# Vreau sa te f**



## alisha_miss_world

hi
please help me with this sentence... actually a friend has put this sentence has his personal message and i am not understanding the meaning.....


----------



## Bienvenidos

*Hello!*

*     Welcome to the Other Languages forum. 
*May I ask which language this text is from? I'd also like to extend *this link* to you; here you will find some helpful guidelines that will ensure that you get the answer you want. By following these guidelines, we, the "answerers," will also be able to understand what it is that you're asking for.

    If you can, please specify the* original language*. If you're not sure, just let us know by saying, *"Unknown Language."* A moderator will edit the thread title for you and you can edit the actual body of your post. 

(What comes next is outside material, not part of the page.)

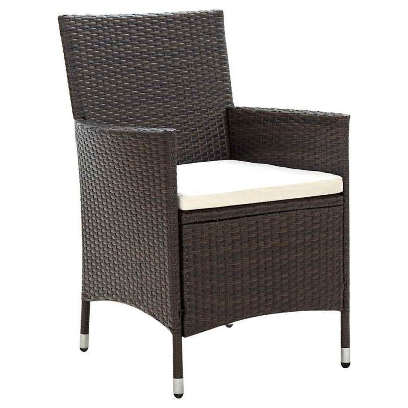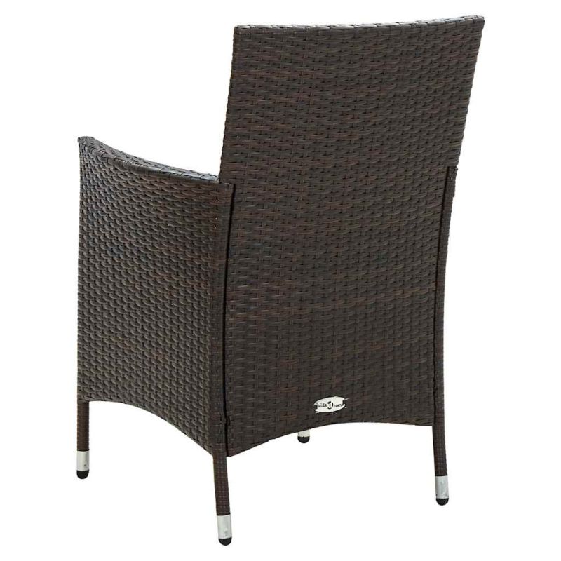 Със стилен дизайн и издръжлива стоманена рамка, този комплект трапезни мебели е перфектен избор за вашето външно жилищно пространство. Този градински трапезен комплект разполага с прахово боядисана стоманена рамка, която прави масата и столовете стабилни и издръжливи. Благодарение на устойчивия на атмосферни влияния и водоустойчив PE ратан, комплектът мебели за открито се почиства лесно. Дебелите, подвижни възглавници на седалката допринасят за комфорта на седене и се перат лесно. Забележка: За да удължите живота на вашите градински мебели, ви препоръчваме да ги защитите с водоустойчиво покривало. Максимално 110 кг на седалка. Съобразете се с риска от открит огън и други източници на силна топлина в близост до продукта.

    The mods for the forum (Jana337, elroy, cherine, Flaminius) are listed to the bottom right of the main *Other Languages* page, the page that shows all of the current active threads (and all the other ones) of the forum.  
   Let me know if you need any help.

Bienvenid@, welcome y salâmâlakum


----------



## OldAvatar

It is Romanian. It is a swearing, very insulting unless you're very very close to that person. But even so, it is considered to be dirty language. I'm not sure if I'm allowed to give you the translation.


----------



## Bienvenidos

OldAvatar said:


> It is Romanian. It is a swearing, very insulting unless you're very very close to that person. But even so, it is considered to be dirty language. I'm not sure if I'm allowed to give you the translation.



Hello OldAvatar,

   This is a language forum, and vulgarities are of couse a part of language. So if you want to post the translation, nobody will be offended. Or you could always PM the answer to the original poster or use ** when posting your answer here.

Cheers!


----------



## Flaminius

Hi,
To quote the relevant rule (#20),Discussion of offensive words and phrases is permitted, but the conversation must remain respectful and serious. Moderators may choose to close or delete threads that they consider to be objectionable. Do not place offensive words in the title of the thread.​Offensive words can be included in the post without masking letters by *'s, provided that it be marked for offensiveness by exclamation point icons  (1 - 3; pretty much okay to very offensive).


----------



## OldAvatar

Thank you for explaining me the rules. Actually, I've initially translated the text, but I changed my mind and I didn't leave it there. The phrase is practically a direct desire of having sex with the respective person. 

Have a nice weekend!


----------



## alisha_miss_world

Please could someone tell me the meaning. Actually my friend has put that on his personal message. Rest assured it was not meant for me. But I still want to know the meaning. So if you could help me please.


----------



## Bienvenidos

alisha_miss_world said:


> Please could someone tell me the meaning. Actually my friend has put that on his personal message. Rest assured it was not meant for me. But I still want to know the meaning. So if you could help me please.



I would suggest sending a PM (personal message) to OldAvatar.

Cheers.


----------



## Hakro

"Vreau sa te f**" also seems to be the name of a Romanian adult dating site. You'll find it by Google if you're interested.


----------



## parakseno

Well, dare I say it? It literally means...

"I want to f**k you"
(yep, it's THE f-word")


----------